Kaieteur News – It is apparent that there are two significant factors affecting press freedom in the country: the lack of objectivity by certain media outlets, particularly those in the State media, and the government’s limited transparency and accessibility.
One of the primary impediments to press freedom in Guyana is the lack of objectivity displayed by some media outlets, particularly the State media. The State media’s proclivity to side with the ruling party has undermined its journalistic integrity.
It was no different under the APNU+AFC. All that happened was that the State media switched sides and became the mouthpiece of the ruling Coalition.
The PPP/C elected in 2020 has returned to its old ways of having the State media almost totally blank the Opposition. All day and all night, the State media churns out pro-government pieces with hardly a criticism of the government. The State media in Guyana has been highly partisan and inclined towards the ruling government. This approach has reduced the role of the State media to being the exclusive spokesperson of the government. It should take the example of the British Broadcasting Corporation.

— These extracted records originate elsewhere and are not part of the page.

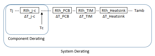 There is another type of derating curve in the literature where ambient temperature is the independent variable. This system level derating curve includes the thermal properties of the system heatsink and other components in the thermal path to ambient but is otherwise calculated in a similar way. The thermal resistance used in system level derating curves is the sum of the LED thermal resistance and the total thermal resistance of the heat extraction system. Since the thermal resistance of the heat extraction system can be designed to have nearly any value this article focuses on the LED component derating curve. The figure below shows the thermal circuits for component and system level derating.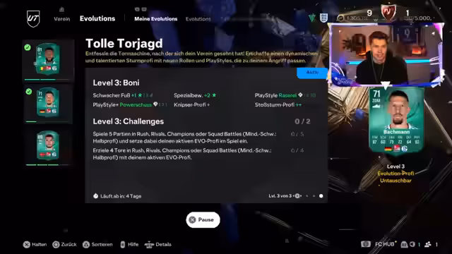 01:26:13Nach dem Erreichen von Rang 2 freut sich der Streamer über die erhaltenen Belohnungen, darunter 10x5 Plus-Pakete, 1 von 5 Future Star und Future Star Icon Picks sowie 125.000 Münzen. Er äußert seine Begeisterung über die Möglichkeit, eine Icon-Karte zu ziehen und plant, die Münzen für Spieler wie Cafu oder andere Team of the Year-Karten auszugeben. Er öffnet ein 85+-Pack und entscheidet sich für einen Inform-Spieler, da diese immer noch teuer sind. Trotz einiger weniger guter Karten in den Packs erzielt er durch Playerpicks bereits 110.000 Münzen. Er erwähnt, dass durch den Mini-Release am Sonntag die Wahrscheinlichkeit auf gute Karten gesunken ist. Trotzdem hofft er auf weitere gute Ziehungen und überlegt, ob er ein zweites Team aufbauen soll, eventuell ein U23-Team, in das auch Spieler wie Lamin passen würden. Er betont, dass er Best nicht spielen will, da er ihn im letzten Jahr schon zu viel gespielt hat.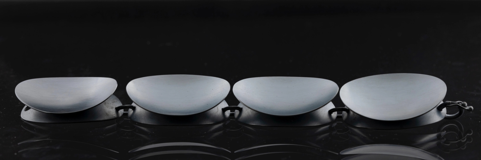 Jeg har over en lengre periode jobbet med sirkelen som utgangspunkt for mine funksjonelle smykkeserier. Sirklene valses til ovaler og slåes opp i konkave og konvekse former. Ovalene settes sammen til enkle, eller til større arbeider i et regelmessig mønster.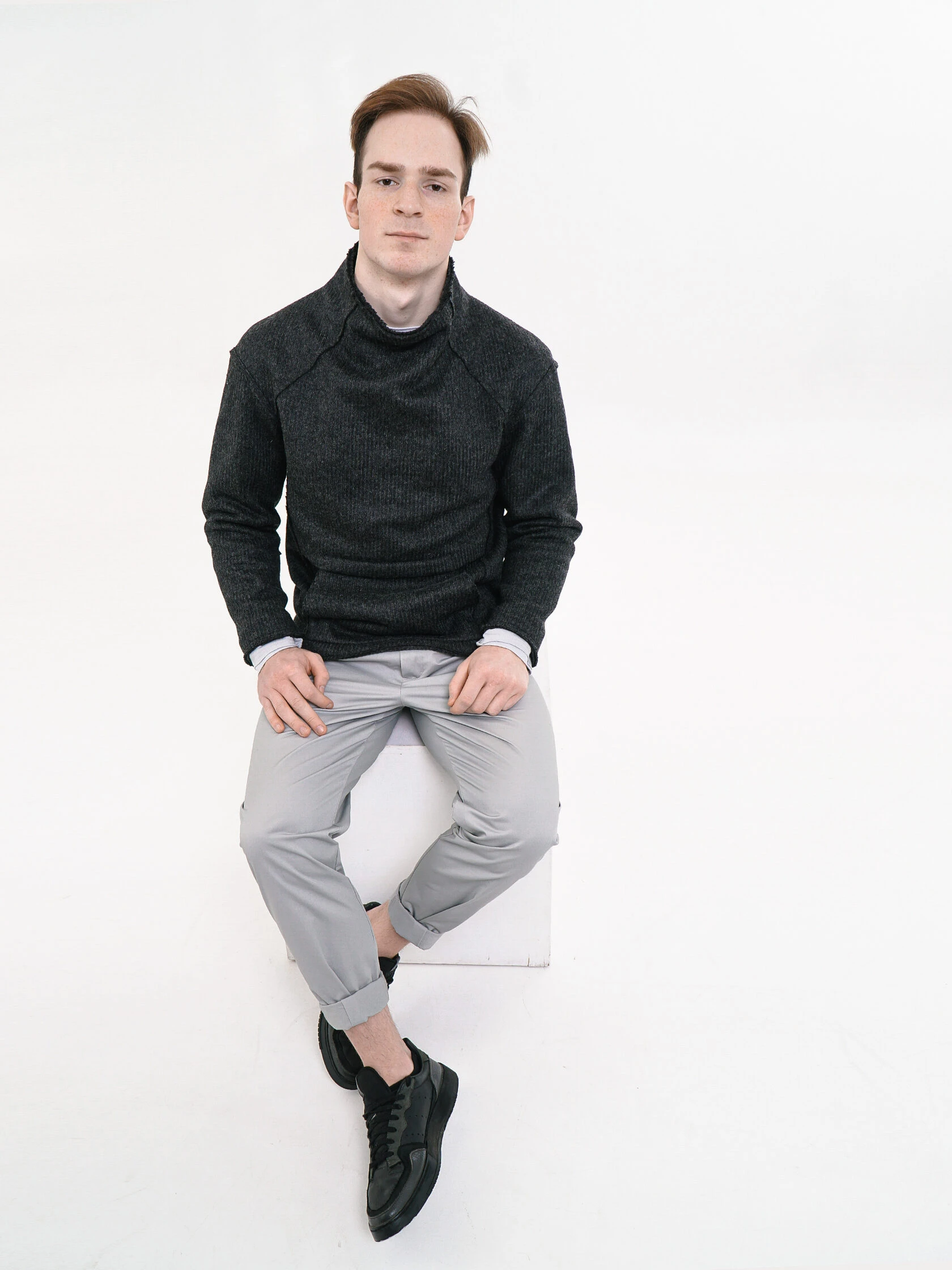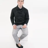 Силуэт свитера — перевёрнутая трапеция.

The BBC, the British Broadcasting Corporation (BBC), has long served as a commendable model for State media in other countries. Its success lies in its impartiality, objectivity and professional journalistic standards. Unlike State media outlets in some countries that act as puppets for the ruling government, the BBC operates independently and because of it editorial independence is a trusted source of information.
In Guyana, the State media has no such objectivity. But the lack of objectivity is not confined to the State media alone. The private media, has at times, and when addressing certain issues, been equally guilty of being blinkered in their reporting and commentaries. It is not unusual to find issues in which the private media demonstrate a one-sided and jaundiced approach to reporting. One such instance has been the rape allegation against a Minister of the government who has since stepped down.
Some have been known to report on issues without seeking to represent all sides of the story. This has contributed, in no small measure, to a polarized media landscape that further divides the nation along political lines.
The second critical factor affecting press freedom in Guyana is the lack of transparency and responsiveness on the part of the government. However, the government of Guyana has shunned transparency, had adopted an overtly hostile attitude to criticisms and has been selective and generally unresponsive to the private media’s request for specific information, particularly relating to the oil and gas sector. In fact, given recent outbursts by some government officials, the private media should feel threatened.
Both the Stabroek News and the Kaieteur News have fallen prey to the government’s hostile actions, facing unwarranted retaliation simply for taking critical stances on specific governmental matters. Their only “crime” has been their commitment to providing independent and critical coverage, challenging government actions when necessary. Regrettably, these media outlets have become the targets of adverse measures and unwarranted attacks, all in the name of suppressing dissenting voices.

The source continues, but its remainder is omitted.